In order to organize and compare a large amount of data, I have enlisted practices and perspectives from the Digital Humanities to create and manage two datasets. The first consists of over two-hundred works that I have viewed and photographed firsthand in Japanese, Chinese, European, and American museum and private collections. My second dataset encompasses every “Nanpin” painting that has been recorded in museum databases, auction catalogues, and private collections, among other sources. As I have not seen many of these objects, the dataset is less granular compared to the first.
As a CDH Data Fellow, and with the helpful feedback of Emily McGinn, Leigh Lieberman, and Joshua Seufert, I refined, cleaned, and added additional entries to my second dataset. This dataset is still a work-in-progress, but it has allowed me to chart interrelationships and quantify trends among Nanpin-attributed paintings—analysis that I have incorporated into the third chapter of my dissertation.
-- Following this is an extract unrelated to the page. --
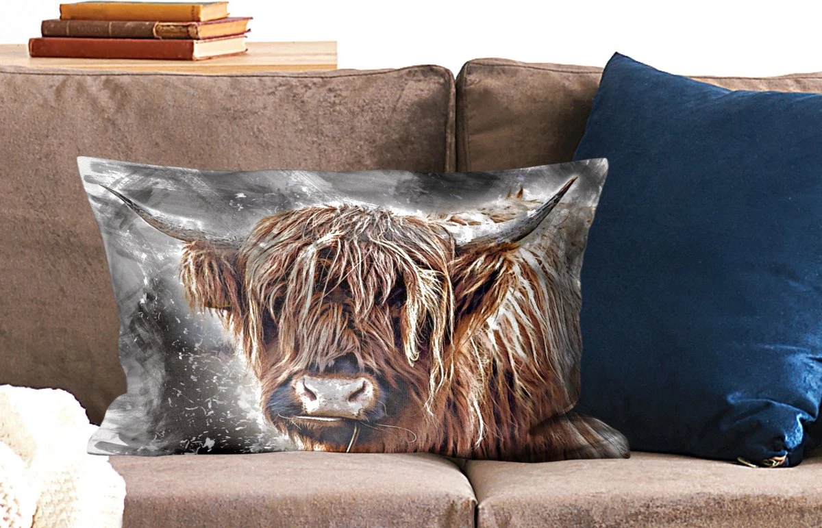 Sierkussen – Schotse hooglander – Verf – Koe – Kussens woonkamer

As part of my ongoing research, I intend to complete the second dataset (a few hundred more entries to go), continue to view as many “Nanpin” paintings as possible, and create meaningful data visualizations to represent this work.
Through the process, I have experienced how a well-curated dataset forms an argument in and of itself. Hence, while data curation can be slow and involved, designing an initial framework, routinely adding to the dataset, and then refining it based on usability and evolving goals has opened up new research directions and questions in my work.